When $m$ is as big as 100 or even bigger, the hash can be too large to be operation friendly. We can shrink the hash by taking its remainder after dividing a fixed positive integer, i.e., modulo that fixed number.

Let us run all above again, with $\m d$ inserted, where $d$ is a positive integer.

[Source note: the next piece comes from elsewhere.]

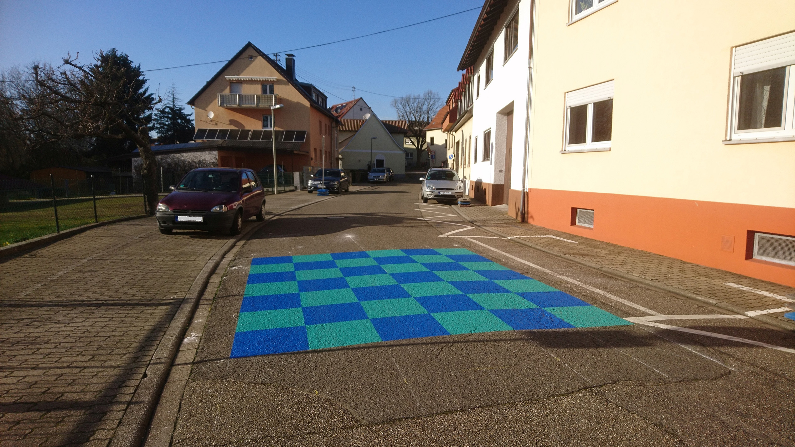Vor rund zwei Jahren wurden die Gehwege in der Litzelaustraße im Stadtteil Knielingen weitgehend aufgegeben und damit die Parkierungsflächen an die Straßenränder verlagert. Seither nutzen Fußgänger sowie Rad- und Autofahrer den inneren Straßenraum gemeinsam. Daher kommt es in diesen Bereichen besonders auf eine Gestaltung an, die sich vom „normalen“ Straßenraum abhebt und so zu gegenseitiger Rücksichtnahme der Verkehrsteilnehmer beiträgt. Um den Effekt der gemeinsamen Nutzung zu verstärken, wurden hierfür am 19. März dieses Jahres insgesamt vier unterschiedlich gestaltete Farbfelder in Blau und Grün angebracht. Zusätzlich wurde die Straße am Anfang und am Ende mit blauen Querbalken und Piktogrammen mit Fußgänger-, Fahrrad- und Autosymbol versehen, die einfahrende Verkehrsteilnehmer auf die veränderte Verkehrssituation aufmerksam machen sollen. Die Anordnung der Piktogramme in Dreiecksform soll deutlich machen, dass sich alle Verkehrsarten diese Fläche teilen.

$$H(c_1c_2\cdots c_m) = (c_1\times \beta^{m-1} + c_2\times \beta^{m-2} + c_3\times \beta^{m-3} + \cdots + c_m\times \beta^0)\m d$$

$$H_{\text{next}}=((H_{\text{prev}}-C_{\text{prev}}\times \beta^{m-1})\times \beta + C_{\text{next}})\m d$$ where $*$ stands for a character. Each window consists of $m$ characters.

---

Let $m=4, \beta= 10, d = 113$.
Pattern: $bbbb$

$$\begin{aligned} H(bbbb) &= (2*10^3 + 2*10^2 + 2*10^1 + 2*10^0)\m113\\ &= (2000 + 200 + 20 + 2)\m113\\ &= 2222 \m113 \\ &= 75 \end{aligned} $$ String = $aabbaabbabbabababbbbbbaaaa$
$$\begin{aligned} H(aabb) &= (1*10^3 + 1*10^2 + 2*10^1 + 2*10^0)\m113\\ &= (1000 + 100 + 20 + 2)\m113\\ &= 1122\m113\\ &= 105\\ H(abba) &= H(\not {\! \color{red}a} abb\color{blue}a)\\ &=((H(\color{red}aabb) - \color{red}a *10^3) * 10 +\color{blue}a))\m113\\ &= ((105 - \color{red}1*1000) * 10 + \color{blue}1) )\m113\\ &= -8949\,\m113 \\ &= 91\\ H(bbaa) &= H(\not {\! \color{red}a} bba\color{blue}a)\\ &=((H(\color{red}abba) - \color{red}a *10^3) * 10 +\color{blue}a)\m113\\ &= ((91 - \color{red}1*1000) * 10 + \color{blue}1))\m113\\ &= -9089\m113 \\ &= 64 \\ H(baab) &= H(\not {\! \color{red}b} baa\color{blue}b)\\ &=(H(\color{red}bbba) - \color{red}b *10^3) * 10 +\color{blue}b)\m113\\ &= ((64 - \color{red}2*1000) * 10 + \color{blue}2)\m113\\ &= -19358 \m113 \\ &= 78 \end{aligned}$$

Answer 2

You can build a quick intuition by considering digit-only string and using the decimal value of the substring as its hash. Let's find substring "345" in string "123456789".

At the first pos, we have hash 1*100+2*10+3 = 123. At second, 234. And at third, 345.

In the same way, you can find for example "333" in "1233345".